In this guide, we will break down the mechanics, capabilities, pros, and cons of each machine to help you decide which one belongs in your workshop.
1. The Band Saw: The Workshop Workhorse
To understand the difference, we first need to look at the mechanics. A band saw gets its name from its blade: a continuous loop (or band) of metal with teeth on one side. This loop runs over two or three large wheels—usually one powered wheel and one idler wheel.
Because the blade moves in one continuous downward direction, the band saw offers a specific set of advantages. The cutting action helps hold the wood down against the table, providing stability.
Key Characteristics of the Band Saw:
- Power and Capacity: Band saws are generally more powerful than scroll saws. They can cut through thick hardwoods—some models can handle wood 6 to 12 inches thick (or more).
- The Blade: The blades vary in width, usually from 1/8 inch to 1 inch. A wider blade is stiff, making it excellent for cutting straight lines, while a narrower blade allows for tighter curves.
- The Kerf: The “kerf” is the slot of wood removed by the blade. Band saw blades remove a significant amount of material, leaving a rougher surface that almost always requires sanding.
Primary Uses:
The band saw is arguably the second most important tool in a general woodworking shop (after the table saw). It is used for:
- Resawing: Slicing a thick board into thinner veneers.
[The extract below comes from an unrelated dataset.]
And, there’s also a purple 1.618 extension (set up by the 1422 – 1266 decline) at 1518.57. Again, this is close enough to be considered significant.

- Cutting Curves: Creating cabriole legs for furniture, arched headers, or rounded tabletops.
- Ripping Lumber: Making rough straight cuts on irregular wood that isn’t safe for a table saw.
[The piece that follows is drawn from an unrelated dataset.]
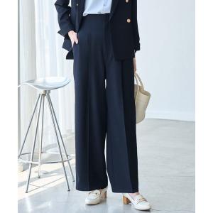 スラックス パンツ 「接触冷感・洗濯可能」リネン混ストレッチワイドパンツ レディース

2. The Scroll Saw: The Artist’s Brush
If the band saw is a machete, the scroll saw is a scalpel.
The scroll saw operates on a reciprocating mechanism. A very fine, short blade is clamped at the top and bottom of the machine. When turned on, the blade moves rapidly up and down.
Unlike the band saw, the scroll saw does not rely on a continuous loop. This mechanical difference is what gives the scroll saw its “superpower”: the ability to make inside cuts (pierce cuts). You can drill a hole in a piece of wood, unclamp one end of the scroll saw blade, thread it through the hole, re-clamp it, and cut out a shape from the center of the wood without cutting through the edge.
Key Characteristics of the Scroll Saw:
- Delicacy: Scroll saws use blades that can be as thin as a hair. This allows for essentially zero-radius turns. You can pivot the wood on a dime to create sharp corners.
- Safety: While all power tools carry risk, the scroll saw is considered one of the safest. The blade moves relatively slowly (in terms of linear feet per minute) and has low mass. It is very difficult to sever a finger on a scroll saw compared to other shop tools.
- Finish: The cut from a scroll saw is incredibly smooth. In many cases, the wood requires little to no sanding after the cut is made.
Primary Uses:
The scroll saw is specialized. It is the go-to tool for:
- Intarsia and Marquetry: Creating pictures using different species of wood fitted together like a puzzle.
- Fretwork: Cutting intricate, lacy patterns for ornaments, clock faces, or gingerbread trim.
- Lettering: Cutting names or signs out of wood.
3. Head-to-Head: The Major Differences
Now that we have defined the tools, let’s compare them across the categories that matter most to you as a user.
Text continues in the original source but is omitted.